O ex-governador de Mato Grosso e pré-candidato ao Senado, Mauro Mendes (União Brasil), afirmou nesta quinta-feira (23) que a pré-candidatura de Flávio Bolsonaro (PL) à Presidência da República enfrenta um cenário de instabilidade e incertezas para as eleições de 2026. Segundo Mendes, os rumores sobre uma possível desistência e disputas internas têm afetado a imagem do projeto político da direita.

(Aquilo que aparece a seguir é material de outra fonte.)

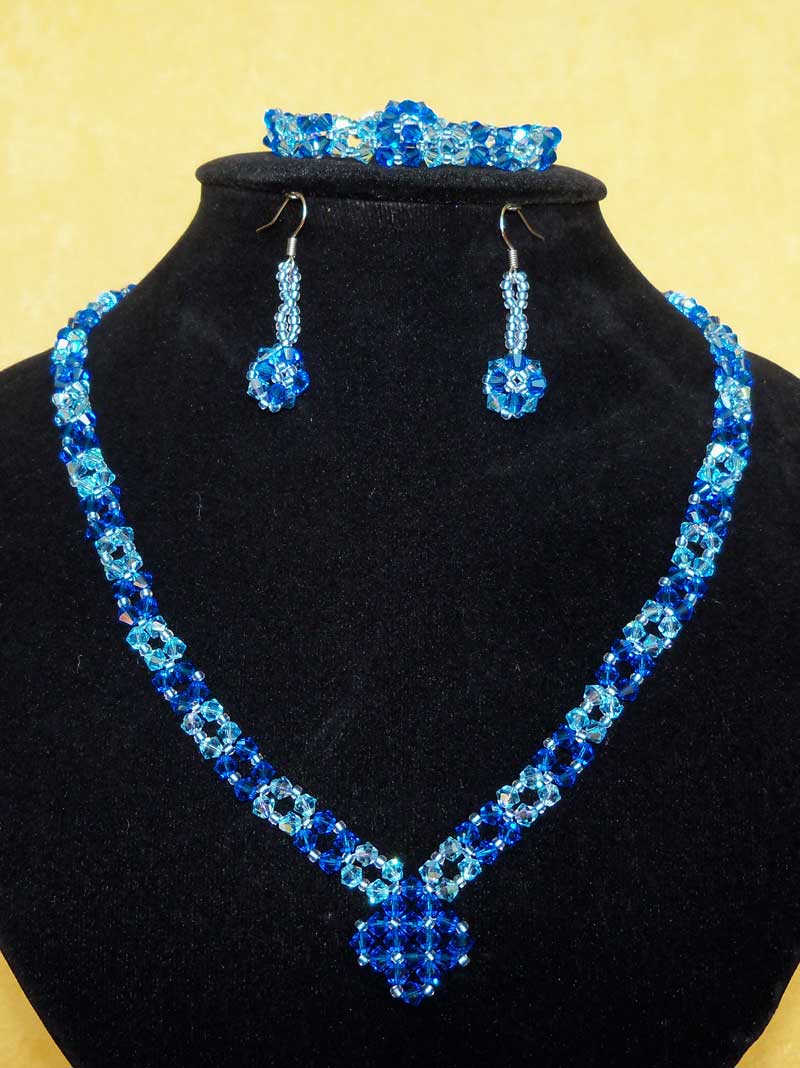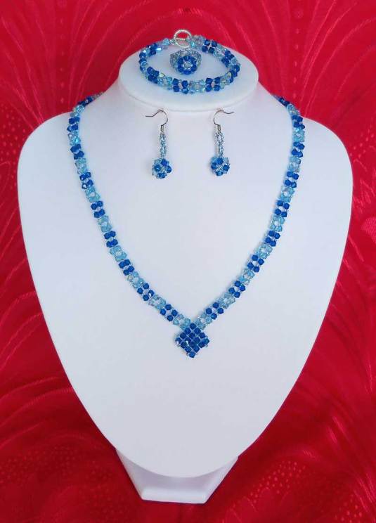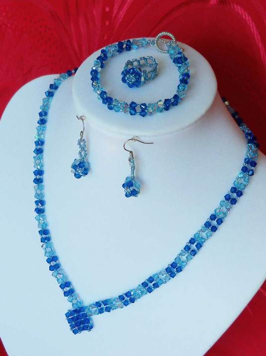 Setul „blue eyes” este compus din colier,cercei,bratara si inel.Este lucrat pe fir monofilament teflon,foarte rezistent si are in componenta cristale biconice Swarovski cu taietura xilion- „The best of brilliance!” ( nota : Taietura” xilion” este brevetata si inregistrata sub marca „CRYSTALLIZED TM – SWAROVSKI ELEMENTS” ,dau cristalelor cel mai inalt nivel de stralucire si intensitate a culorii si astfel, cristalele au stralucire de diamante! )Am folosit cristale biconice Swarovsky de 4 mm , crapy blue si saphire cu efect AB (aprox. 300 buc ) ,si margele toho 11/0, albastru saphire cu interior argintiu . Colierul este la baza gatului , si masoara aprox.43-45 cm , iar inchizatoarea este facuta din margele toho.Bratara are o lungime de aprox.18 cm, inchizatoarea este din argint tibetan de culoare gun metal.Cerceii au o lungime de 4cm ,inclusiv tortitele.Inelul are un diametru de 1,8 -1,9 cm dar se poate face si in alte marimi.

Em entrevista à imprensa, Mendes afirmou que há “muitos ruídos” nos bastidores envolvendo o nome de Flávio Bolsonaro, escolhido pelo ex-presidente Jair Bolsonaro (PL) para representar o grupo político na corrida presidencial. “O cenário hoje ainda está muito indefinido. Existem muitos rumores de eventual desistência, muito fogo amigo e fogo inimigo”, declarou.

Apesar de avaliar negativamente a gestão do presidente Luiz Inácio Lula da Silva (PT), Mauro Mendes disse que a direita ainda enfrenta dificuldade para consolidar uma liderança nacional. Para ele, a falta de um nome forte aumenta a incerteza sobre a disputa de 2026. “Existe um vácuo de grandes lideranças. O Flávio está tentando se firmar, mas essa névoa de expectativa não é positiva”, afirmou.